Uncle Mort and Goat Yoga

Published 4:58 pm Thursday, June 8, 2017

Commentary by Dr. Don Newbury

   Ostensibly, my 104-year-old Uncle Mort phoned to seek my opinion on a subject about which I know little–no, strike that–about which I know nothing. He was at an active wear store, trying to decide on the color of gear he should wear when he opens his ‘goat yoga emporium,’ down in the thicket.

“This fad is so new, I can make a ‘killing’ before too many others get in the game,” he panted.

Thoughts swirled; I scarce could take them in. Immediately, I thought of the long ago rendition of Tom T. Hall, whose song thrilled preschoolers 40-plus years ago. He gave advice with respect to what should be said to little baby goats. Youngsters loved it.

A few minutes later, I changed my tune. Mort explained how “goat yoga” classes are sweeping the nation mere months after the first one was offered in Oregon. “Goats have been handy to have around for mohair and milk for centuries,” Mort claimed. “Who would have dreamed they’d be good at yoga, too?”

He figures they’re going to be in high demand to help yoga enthusiasts reach relaxation states they never thought to be within reach.

I Googled “goat yoga,” and sure enough, Mort was “right on.” It is becoming a national rage. He figures if he’s going to offer classes, he’d best “get crackin’” on what he needs to know to teach. After all, he doubts if he should count on his goats to shoulder the whole load.

Mort has rarely made as much sense as he did that day. I decided to spend part of the weekend driving down to his country place to learn more about his project. As expected, his eyes danced with dollar marks.

I found myself nodding as he expounded. “Generally speaking, goats have gotten a bad rap, starting with the Bible,” he said. “We’ve been instructed to have more ‘sheep-like ways,’ sentencing goats to the ‘outside looking in’.”

He seemed saddened about negative views of goats, animals that are sure of foot, give us the mohair from their backs and milk from their udders.

Mort believes his rural setting will be perfect for yoga classes. “The only sounds here are from nature, except the rare times when lost motorists sit down on their horns, hopeful of being rescued (after admission to wives that the country road chosen 30 minutes ago perhaps isn’t a shortcut).

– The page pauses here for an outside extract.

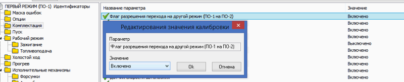 В данном двухрежимном модуле имеется возможность из серийной прошивки (калибровок) сделать двухрежимную. Для этого необходимо изменить одну калибровку в "Опциях" и одну в "Комплектации" в обоих частях на бензине и на газу (ПО-1 и ПО-2). На скринах показано. Причем в комплектации это основная калибровка.vartan писал(а):Как осуществляется переключение режимов? Насколько Я знаю переключение осуществляется в управляющей программе?

“When trees fall out in the pasture, I’m sure they wonder if any noise is made if there’s no one around to hear it,” he often says, wearing out a question posed decades ago.

My uncle, besides learning the “ins-and-outs” of yoga, is determined to “look the part,” as well as develop jargon to hasten acceptance by yoga devotees. Now, he’s buying limited gear, since he’s coaxing Maude to start weaving outfits from mohair for him and class members. “She’s ready to go, hoping to add some ‘mohair money’ to her milk jar.”

This day, I didn’t leave the thicket shaking my head. In fact, I even thought about what I’d do upon enrolling for such a class. An immediate question loomed: After contorting myself to the most favorable yoga position, do I instruct the goat regarding what to do next, or does it already know?

Rather than get cold feet, maybe I’ll commute down to Mort’s place if there’s a spot left in his first class. He’ll tell me what to do. (I’ll rely on Tom T. about what to say. I recall he said you “can’t go meow, cackle, quack to a goat. Remember, you have to say ‘baaa’.”)

Meanwhile, Mort prepares an order form for my gear. Here again, I won’t know how to put it on. Since Tom didn’t offer musical instructions, I’ll assume Mort will provide them. And, since I’ll be adorned in custom-made gear, I’m counting on Mort’s assurance there’ll be loose-fitting elastic around the middle.